Orlando City made its first visit to Nippert Stadium needing a win and some help from others around the country to stay in the playoff hunt — but also needing to shake the specter of one of the club records. It needed just one goal to hand over the MLS’s worst goals against record to FC Cincinnati. I think the entirety of Lion Nation wants to thank Benji Michel for that stoppage time effort and shaking at least one monkey off of the club’s back. So here are our five takeaways from the 1-1 draw in Orlando’s last road game of the year.
A Failure to Communicate
During the first half, the Lions looked extremely disjointed and not on the same page, at all. Players made runs, lanes opened up through the middle, but the Lions just did not see them. You could see the frustration mounting throughout the first half as a few players — notably Nani, Will Johnson, and Lamine Sané — were demonstrably vocal in their frustration. Compound this with FC Cincinnati holding its defensive shape very well, and it became a rough outing for Orlando.
Nani Needed Some Time
If ever there was a match for Nani to show up, rile the hackles of the starting XI, start something big, and lead by example, this match was certainly it. Nani looked a little flat in the open run of play, looking for cheeky flicks and blind passes that rarely found anyone except a player in blue and orange. His run back to stop the FCC counter attack in the 51st minute was critical as Orlando was dangerously out of shape to defend. Then, after substitutions and a shift in the shape to a 4-2-3-1, Nani finally seemed to get the team thinking a little clearly and led a much more dangerous attack with Mauricio Pereyra, albeit in the final minutes of the match.

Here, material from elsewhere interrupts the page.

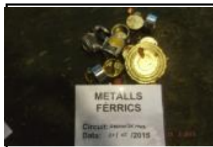
12. Metall fèrric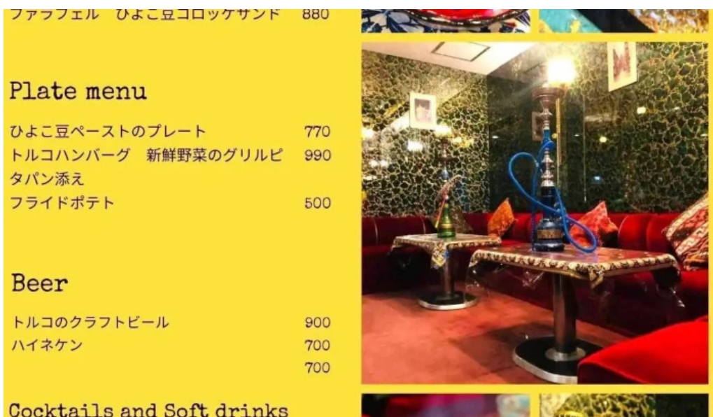
Cafe istanbul シーシャカフェイスタンプル メニュー

Predictable Passes Caused Headaches
Although Sebas Mendez ended the first half with a solid 88% passer rating, FCC certainly knew that the vast majority of his passes go right back where they came from, with very few passes going forward. FCC was able to pressure this very effectively in the first half and the beginning of the second. Take a look at the passing maps below as a comparison of Sebas and Pereyra.

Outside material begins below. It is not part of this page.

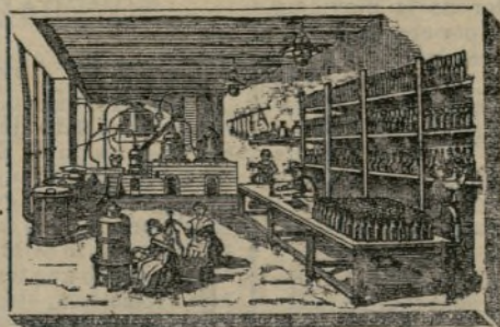
INTERIOR DE LA SALA DE ALAMBIQUES

There are a massive amount of passes going left to right for Mendez, or return to sender, but not much press and push. Also note how many forward passes were not completed, as part of a paltry team passer rating of 78%.
Sloppy Tackles and Late Physicality
There are professional fouls, ones that need to be taken at the right moment and right time to slow the match down a bit, and then there are the fouls that the Lions were committing during the match. The Lions were called for 14 fouls while FCC was called for only seven. I do think the yellows shown to Mendez, Robin Jansson, and Kyle Smith were pretty fair. The match was certainly a bit chippy, and too often the Lions were just a bit late, or just a bit too direct. The Lions defended the set pieces created by their poor fouls well, but they certainly gave up too many, too close, and almost caused a penalty kick.
Subs to the Rescue Again
As mentioned earlier, thank you Benji Michel and Chris Mueller for the spark you brought to the pitch. As with the starting XI, it took a little while for things to get rolling but the combination of Benji and Cash, combined with the shift in formation, made a huge difference on the pitch. Kyle Smith, who came on for Joao Moutinho in the 14th minute due to an injury (and we all collectively hope it is not the same hamstring injury that has plagued him this season), played a fantastic match. The Lions have needed their substitutes to perform this season, and I believe that they have.
It was another tough match to watch, made even harder by the updates from around the Eastern Conference all match. One monkey is off the club’s back, but it certainly needs to find a way to shake more off and quickly. It will be interesting to see how the club will now handle the final match of 2019.